Paramaribo, Suriname, 29 February 2024 – The International Organization for Migration (IOM) Caribbean Coordination Office held its fourth episode of "Conversations on Migration in the Caribbean" on 28 February 2024, at the Torarica Hotel in Paramaribo, Suriname. The panel discussion, with youth leaders from six diverse Caribbean civil society organizations (CSOs) engaged a live and online audience and explored the topic of empowering youth through more meaningful engagement in discussions on climate-induced migration. 

The young panelists represented the Aurae Opus Foundation and VIDS (Bureau Association of Indigenous Village Leaders) from Suriname; The Breadfruit Collective and SASOD from Guyana; the Dominica Association of Persons with Disabilities Inc., and the Jamaica Climate Change Youth Council.  Iulia Duca, Programme Officer at the Climate Action Division, and Focal Point for CSOs and Youth at IOM Headquarters in Geneva, moderated the Conversation.   

The Conversation was led by three topic questions:  

  1. How to promote youth engagement in climate-induced migration discussions, so youth can be part of the solution? 

  1. What skills of youth in entrepreneurship, digitalization and innovation, can be harnessed for climate action? 

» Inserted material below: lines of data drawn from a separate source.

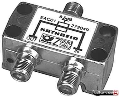 Anschlussart: F-ConnectorAusführung: AbzweigerFrequenzbereich: 5 1000 MHzMax. Abzweig-/Verteilerdämpfung: 8,5 dBMax. Durchgangsdämpfung: 2 dBAnzahl der Abzweige: 1Anzahl der Ausgänge: 1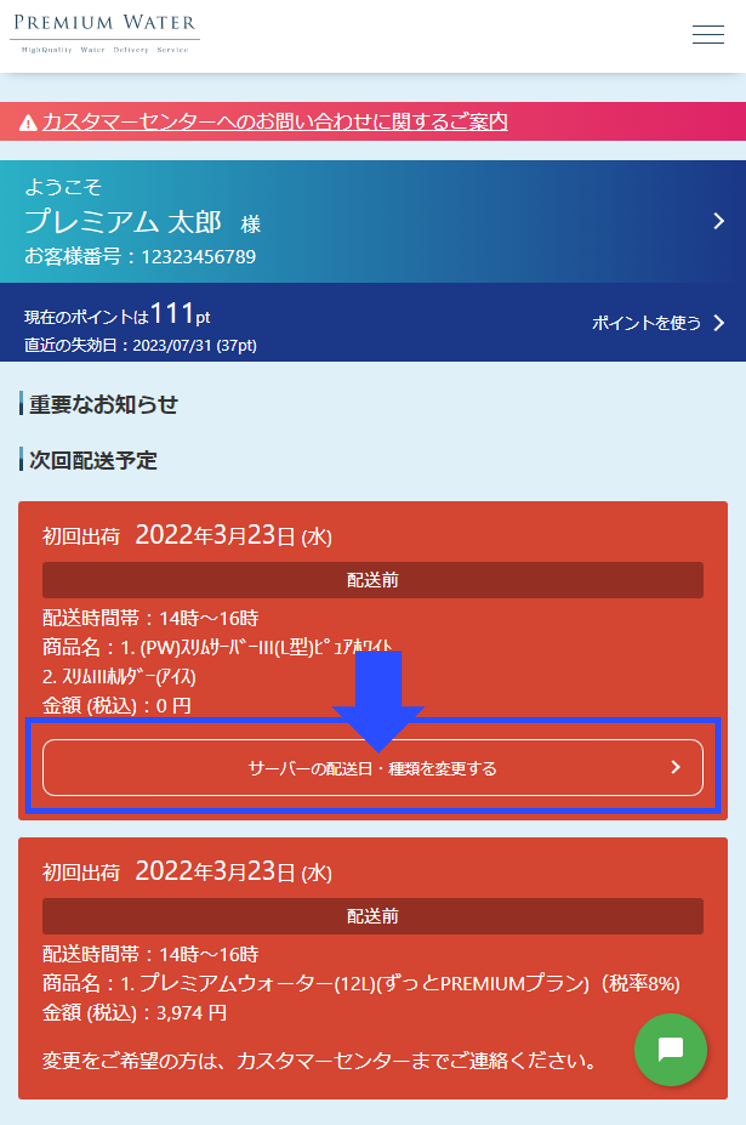 ウォーターサーバーの初回出荷(商品名にサーバー名が表示)をご確認いただき、 「サーバーの配送日・種類を変更する」をタップしてください。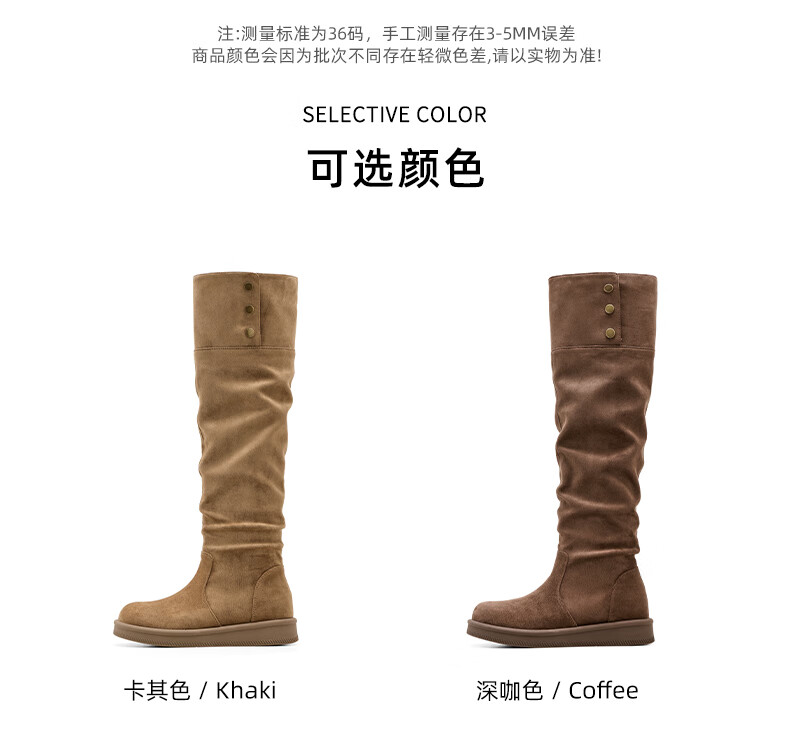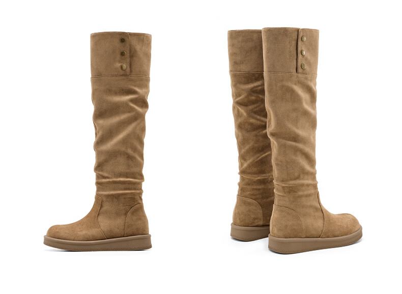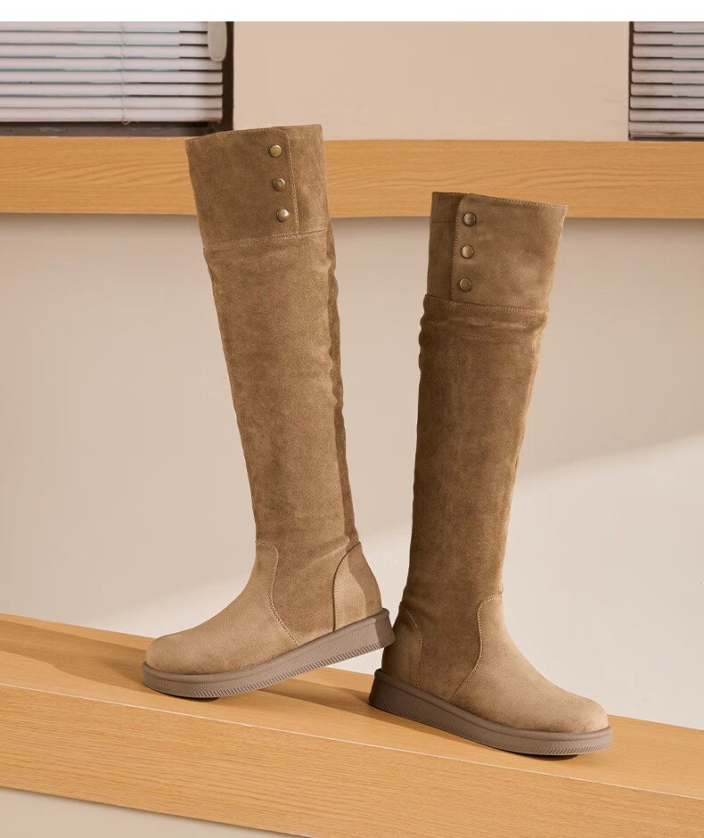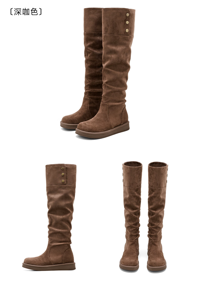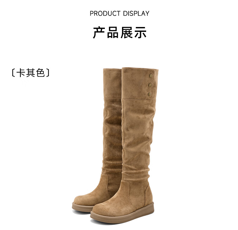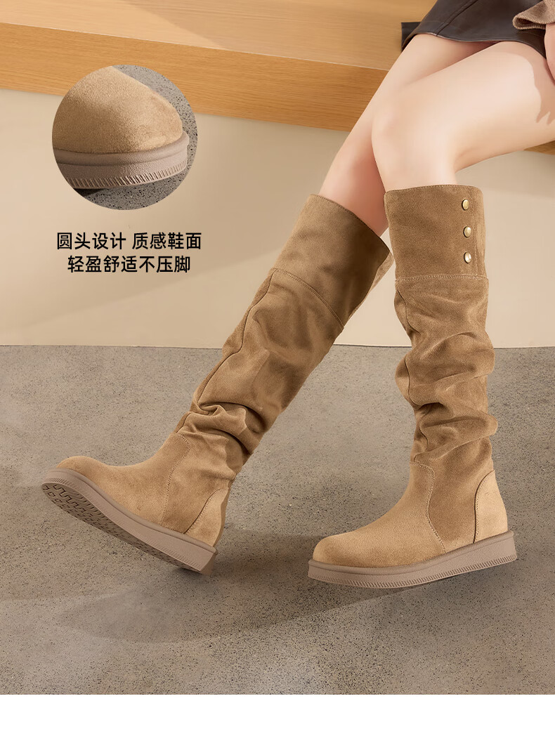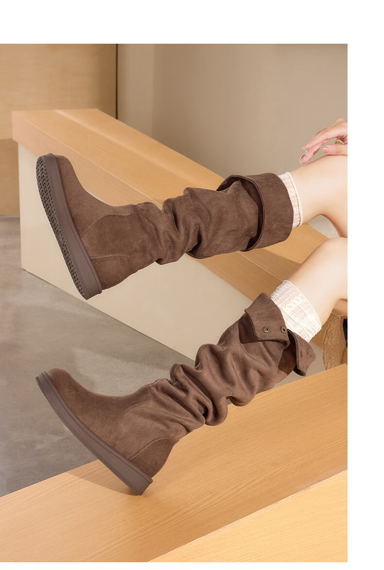 星期六长筒靴女2025新款秋冬爆款绒面不过膝女靴复古美拉德显瘦堆堆靴女 卡其色 37

  1. How to build strong leadership, for youth engagement to address climate-induced migration? 

Judy Sango, the youngest ever President of the Dominica Association of Persons with Disabilities Inc, emphasized that “Providing education and creating awareness about climate change and its impact on mobility among youth and vulnerable groups is crucial.  Inclusion in decision making processes comes secondly; ensuring the active participation of youth and vulnerable groups in decision making processes”.  Nuravni Sallons, Managing Director of the Aurae Opus Foundation in Suriname, suggested speaking to youth in their own language: “What if we create awareness in the language that they understand? For example, you can involve the youth [with a] bottle made of biodegradable material for the party.”   

Shylina Lingaard representing VIDS (Bureau Association of Indigenous Village Leaders in Suriname) noted that “Indigenous communities are known to be guardians of nature. So, therefore, they also have their own traditional knowledge and mobility and way of living how to maintain and protect the forest.”  Joel Simpson of SASOD Guyana noted: “It’s very important that vulnerable youth are included and are a part of the conversation, young people whose socioeconomic circumstances make them more susceptible to human rights violations.” 

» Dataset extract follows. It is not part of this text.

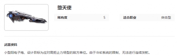 《艾塔纪元》堕天使图鉴介绍,小型阳电子炮,设计目标为应对高拒止力场型的敌方单位的武器,下面小编给大家带艾塔纪元堕天使图鉴介绍,有需要的小伙伴一起来看看吧。各位玩家可以参考一下。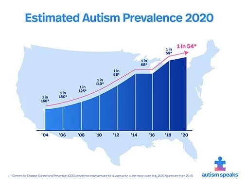 美國疾病預(yù)防控制中心(CDC)日前發(fā)布的數(shù)據(jù)顯示:在美國,每54個兒童中就有1名患有自閉癥(1:54),自閉癥患病率比2016年提高了近10%。

Christine Samwaroo of The Breadfruit Collective reminded that “When you’re thinking about everybody that's where you get the diverse solutions, and people who are closest to the problem, they are the ones that actually have the solutions.”  Dahvia Hylton, co-lead for the Research, Advocacy and Policy Development Committee within the Jamaica Climate Change Youth Council noted the engagement must be timely and recognize the voluntary nature of CSOs “The processes have to change, they have to include a lot more time, and then include a lot more space for civil society to speak.” 

The lively exchange of perspectives and experiences took place with an active audience including government representatives from Suriname, IOM and other UN agency representatives, Youth Parliamentarians, students, and other Caribbean CSO representatives, plus close to 100 online participants.  It was also broadcasted locally on STVS television channel in Suriname. 

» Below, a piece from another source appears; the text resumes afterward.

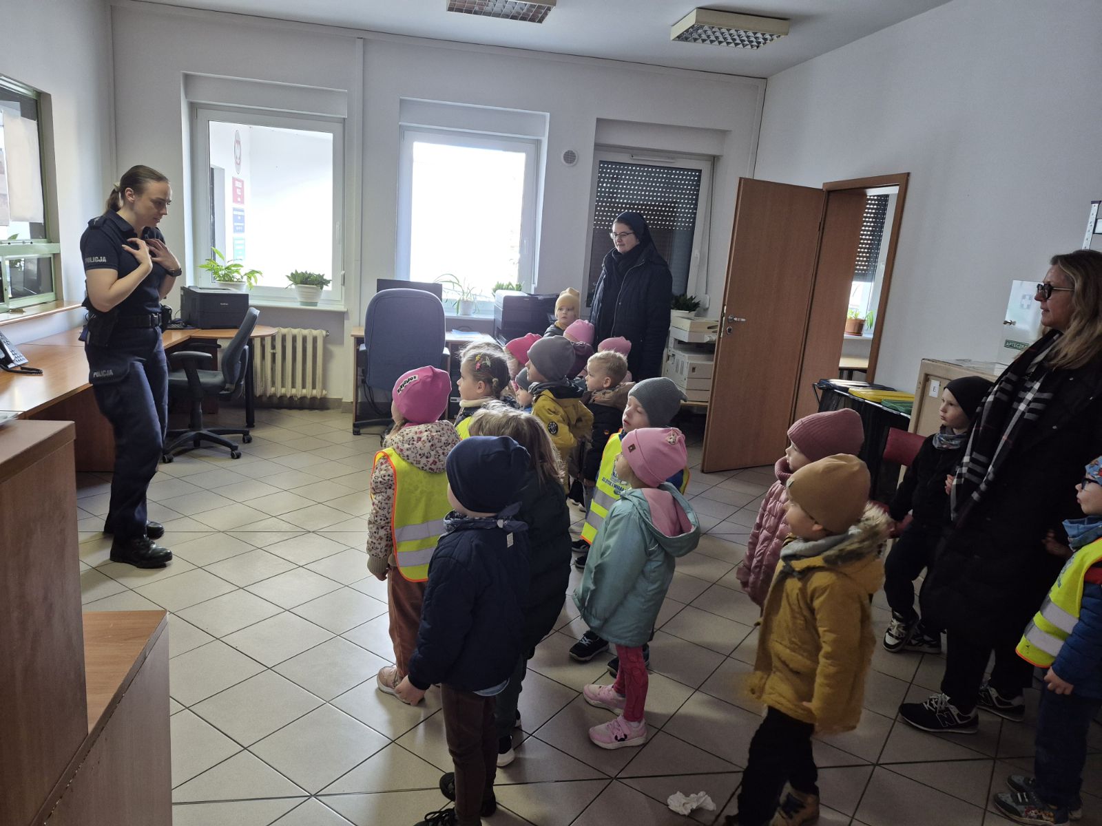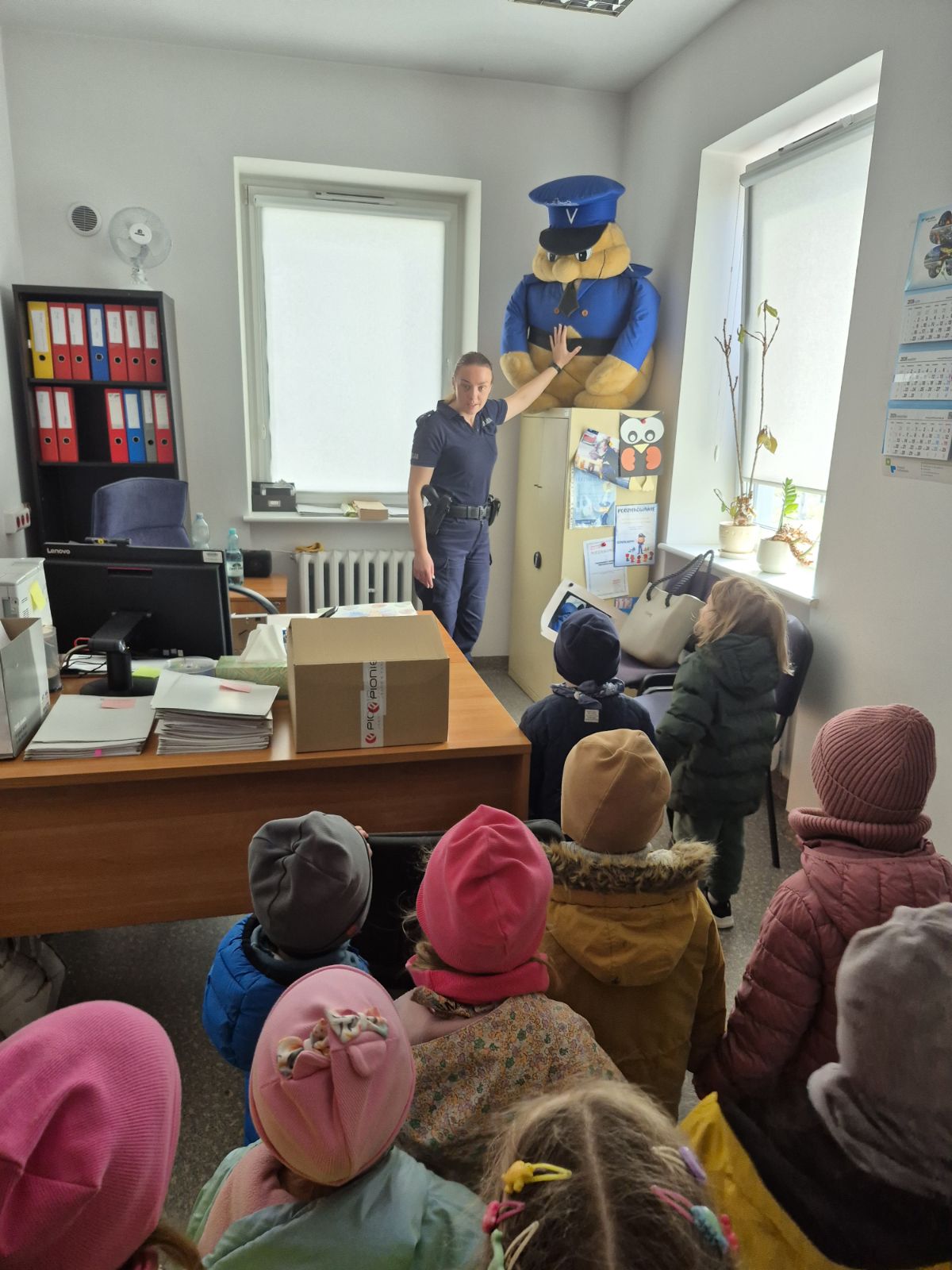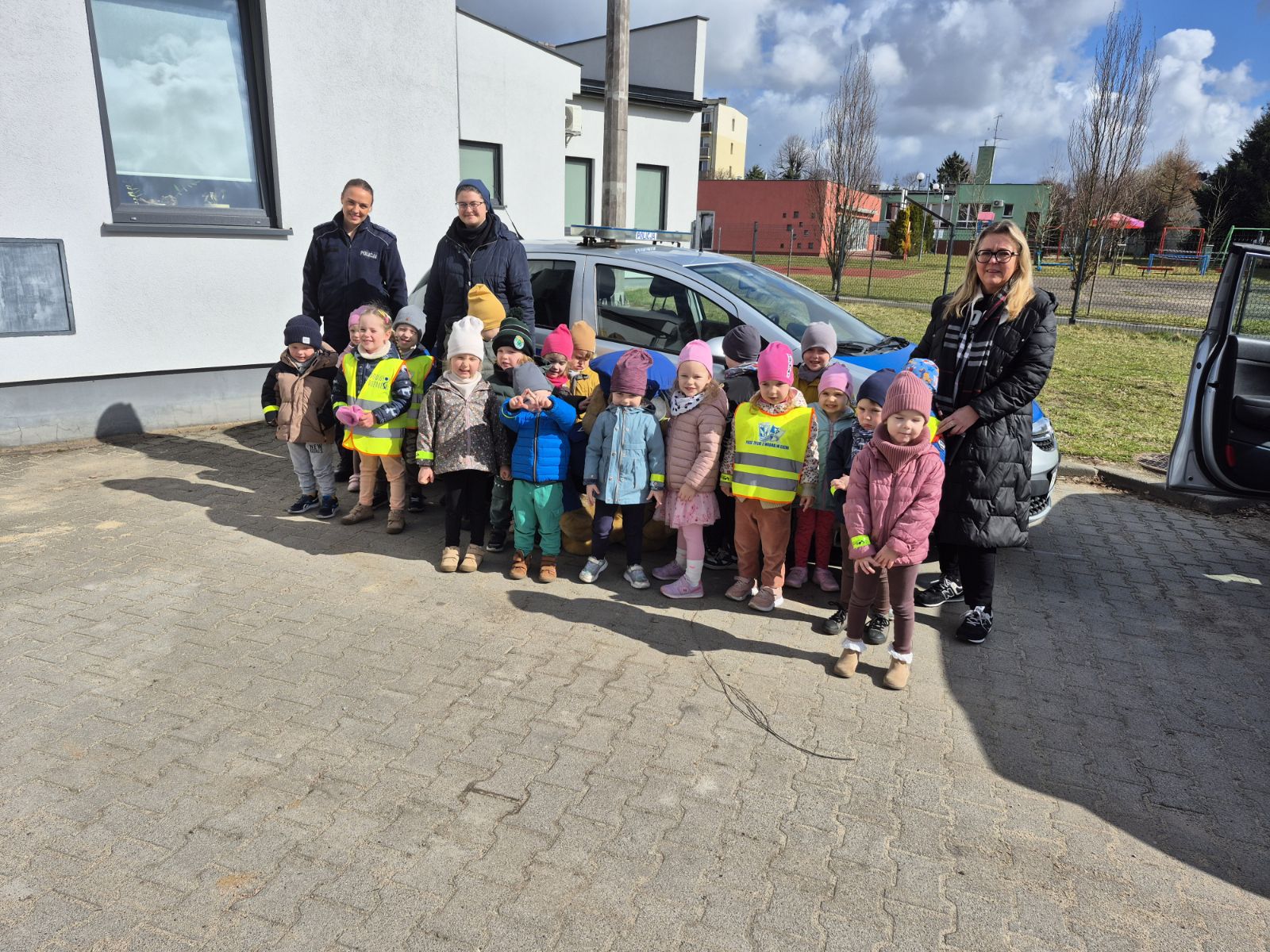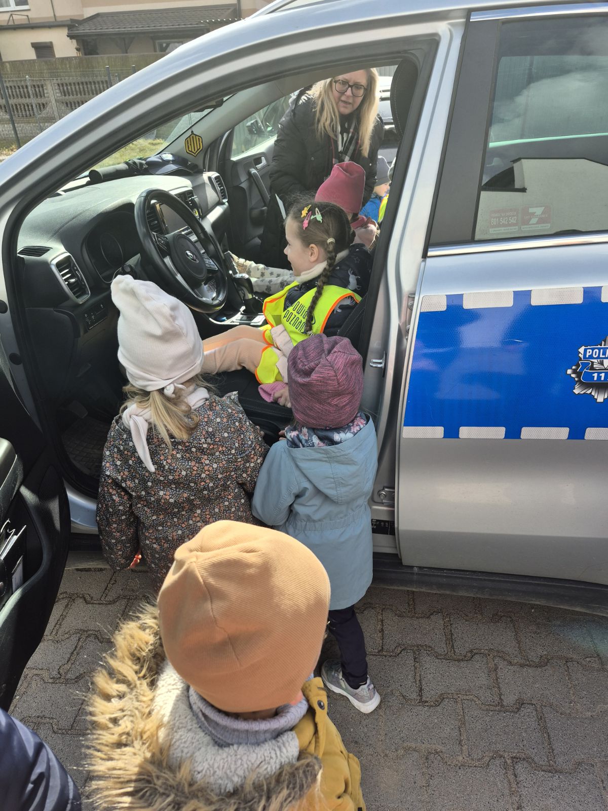 Następnie Pani policjantka oprowadziła dzieci po komisariacie, pokazując miejsca pracy policjantów. Dzieci miały również okazję zobaczyć radiowozy, co wzbudziło duże zainteresowanie i radość.

Conversations on Migration in the Caribbean Episode 4 underscored the critical role of youth and other under-represented groups who are affected by climate-induced migration, in shaping effective responses and building a more inclusive and sustainable Caribbean region.  The IOM Caribbean team and all CSOs involved hope that the outcome will be tangible actions to include Caribbean youth more meaningfully in decision-making that affects their present and future.  

The panel discussion was coordinated by the IOM Caribbean Coordination Office on the fringes of a “Regional Conference on Environmental Migration and Disaster Displacement for Caribbean CSOs” being held on 29 February and 1 March 2024, in Paramaribo.  Both events are funded by the French government as part of the Caribbean component of the "Implementing Global Policies on Environmental Migration and Disaster Displacement at the Regional Level" project.  IOM Suriname also provided support to this activity.